Exercise prompt:
Provide an exact copy of the data, excluding the images.
|---|
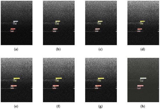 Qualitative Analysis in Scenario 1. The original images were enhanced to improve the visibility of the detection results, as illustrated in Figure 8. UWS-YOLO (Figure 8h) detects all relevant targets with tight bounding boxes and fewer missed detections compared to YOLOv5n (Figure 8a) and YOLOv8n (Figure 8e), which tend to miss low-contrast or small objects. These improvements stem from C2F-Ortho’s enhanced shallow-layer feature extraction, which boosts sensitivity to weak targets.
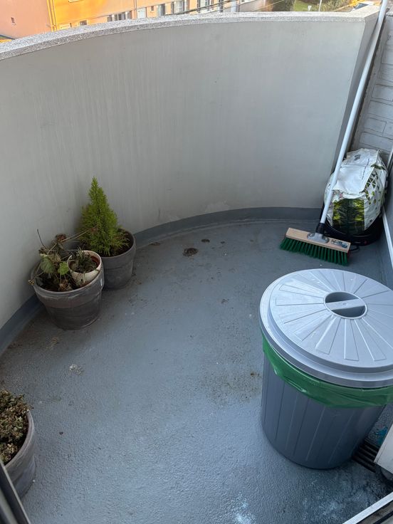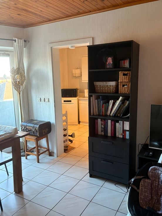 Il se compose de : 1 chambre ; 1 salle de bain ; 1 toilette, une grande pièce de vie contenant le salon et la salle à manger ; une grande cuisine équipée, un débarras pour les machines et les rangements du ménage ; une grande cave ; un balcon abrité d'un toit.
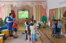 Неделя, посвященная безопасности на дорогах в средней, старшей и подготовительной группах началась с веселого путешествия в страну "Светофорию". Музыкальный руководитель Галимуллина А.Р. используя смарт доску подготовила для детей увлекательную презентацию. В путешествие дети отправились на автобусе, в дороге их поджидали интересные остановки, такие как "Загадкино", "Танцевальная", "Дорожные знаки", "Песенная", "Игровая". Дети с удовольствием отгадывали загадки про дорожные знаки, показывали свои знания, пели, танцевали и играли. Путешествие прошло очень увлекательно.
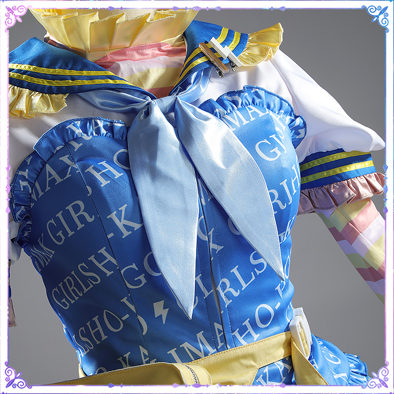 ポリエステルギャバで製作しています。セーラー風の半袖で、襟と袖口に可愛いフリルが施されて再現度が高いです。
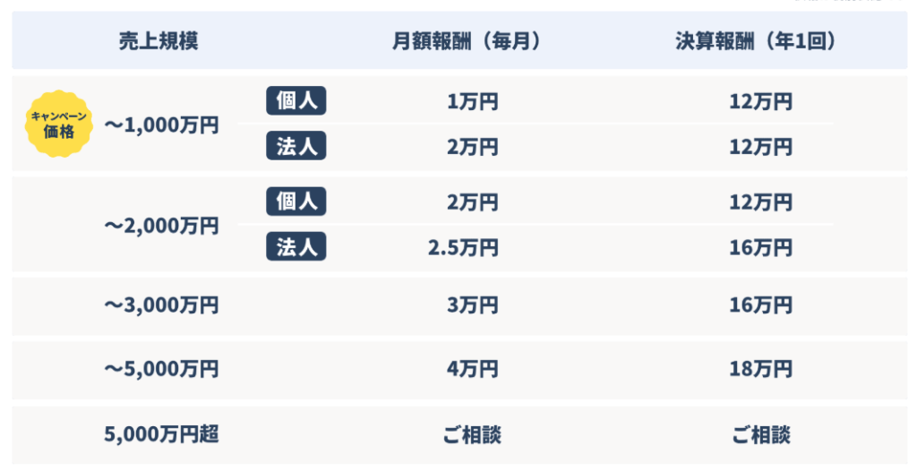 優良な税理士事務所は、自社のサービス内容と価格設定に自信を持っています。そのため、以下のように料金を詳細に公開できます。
|---|
Expected output:
 Qualitative Analysis in Scenario 1. The original images were enhanced to improve the visibility of the detection results, as illustrated in Figure 8. UWS-YOLO (Figure 8h) detects all relevant targets with tight bounding boxes and fewer missed detections compared to YOLOv5n (Figure 8a) and YOLOv8n (Figure 8e), which tend to miss low-contrast or small objects. These improvements stem from C2F-Ortho’s enhanced shallow-layer feature extraction, which boosts sensitivity to weak targets.
 Il se compose de : 1 chambre ; 1 salle de bain ; 1 toilette, une grande pièce de vie contenant le salon et la salle à manger ; une grande cuisine équipée, un débarras pour les machines et les rangements du ménage ; une grande cave ; un balcon abrité d'un toit.
 Неделя, посвященная безопасности на дорогах в средней, старшей и подготовительной группах началась с веселого путешествия в страну "Светофорию". Музыкальный руководитель Галимуллина А.Р. используя смарт доску подготовила для детей увлекательную презентацию. В путешествие дети отправились на автобусе, в дороге их поджидали интересные остановки, такие как "Загадкино", "Танцевальная", "Дорожные знаки", "Песенная", "Игровая". Дети с удовольствием отгадывали загадки про дорожные знаки, показывали свои знания, пели, танцевали и играли. Путешествие прошло очень увлекательно.
 ポリエステルギャバで製作しています。セーラー風の半袖で、襟と袖口に可愛いフリルが施されて再現度が高いです。
 優良な税理士事務所は、自社のサービス内容と価格設定に自信を持っています。そのため、以下のように料金を詳細に公開できます。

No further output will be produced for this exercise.